Before the daylight, in the morning, the host and his huntsmen set out after the boar. The poet describes in detail how cheerful the all-day-long hunt is, using a lot of details and images: there are men with "mighty bows," brave knights and their flying arrows, a lot of horns and barking hounds. Many hunters fear for their lives but the lord, the bravest of them all and a true knight, shows the example by leading the chase for the boar because it is his duty to be a shining example to his people. "And many feared for their lives, and fell back a little. But the lord on a lively horse leads the chase." [Norton, 1463-1464]

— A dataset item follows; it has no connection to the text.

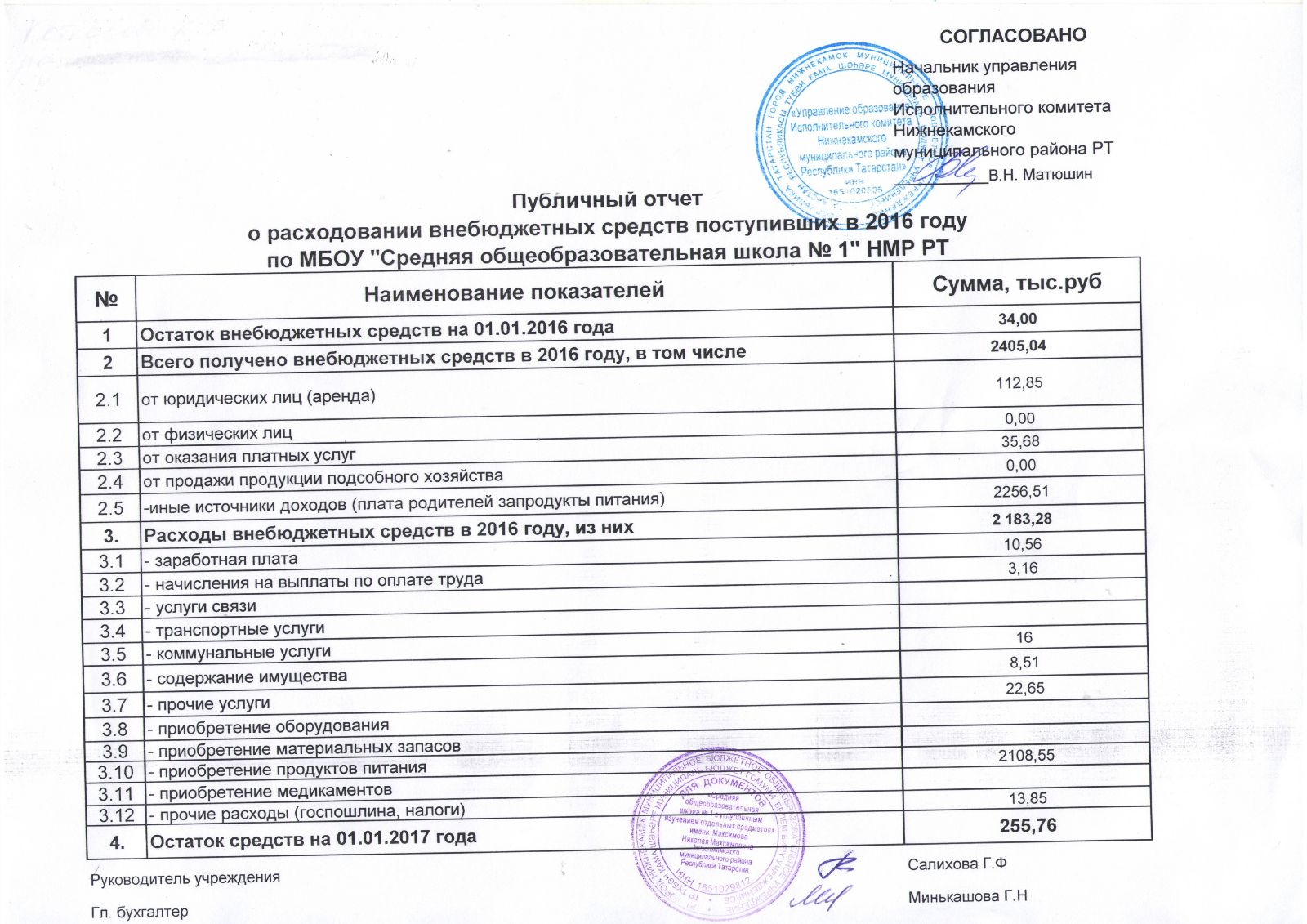 Публичный отчет о расходовании внебюджетных средств за 2016 год

In the next scene, the poet turns away from the hunting scene to the Sir Gawain's bedroom in the castle, where he peacefully awakens from sleep. It seems that the poet intentionally positions the bedroom scenes within the hunting scenes: the symbolic hunt juxtaposed with the literal hunt. The lady, the host's wife, carefully enters the room. She sits beside him on the bed and he pretends to be surprised at seeing her here. The passage revolves around the host's wife attempts to seduce Sir Gawain, and he tries to avoid the consequences of such thing happening. She is a real temptress, tests his courtesy, virtue, decency, and a real object of courtly love, but he acts in accord with court's rules of love. "I am yours to command, to kiss when you please; You may lay on as you like, and leave off at will." [Norton, 1501-1502]. As the persuasion becomes more and more aggressive, she starts using compliments and blames him for neglecting her feelings. "And you are the noblest knight known in your time; No household under heaven but has heard of you fame... Yet never has a fair phrase fallen from your lips of the language of love, not one little word!" [Norton, 1520-1524]

She is angry because other knights try to make their ladies happy, but he is, on the contrary, cold to her and never talks to her of the language of love, "not one little word." That makes her wonder if he is ignorant about love and whether he likes her at all. "How! Are you artless, whom all men praise? Or do you doom me so dull, or deaf to such words?" [Norton, 1528-1529] At the end of the passage, she continues to flirt with him very actively, pointing out that her husband is away on the hunt and the entire castle is asleep.

Sir Gawain and the Green Knight is a tale of romance, irony and courtesy, that portrays the image of courtly relationships in a clear way. The lady is testing Gawain's morals by challenging his duty as a courteous knight to do as lady wishes. By admitting, in a polite and tactful manner, that she is a better person than he is and that he is not worthy of her affection, humble and courteous Sir Gawain is able to retain his honor.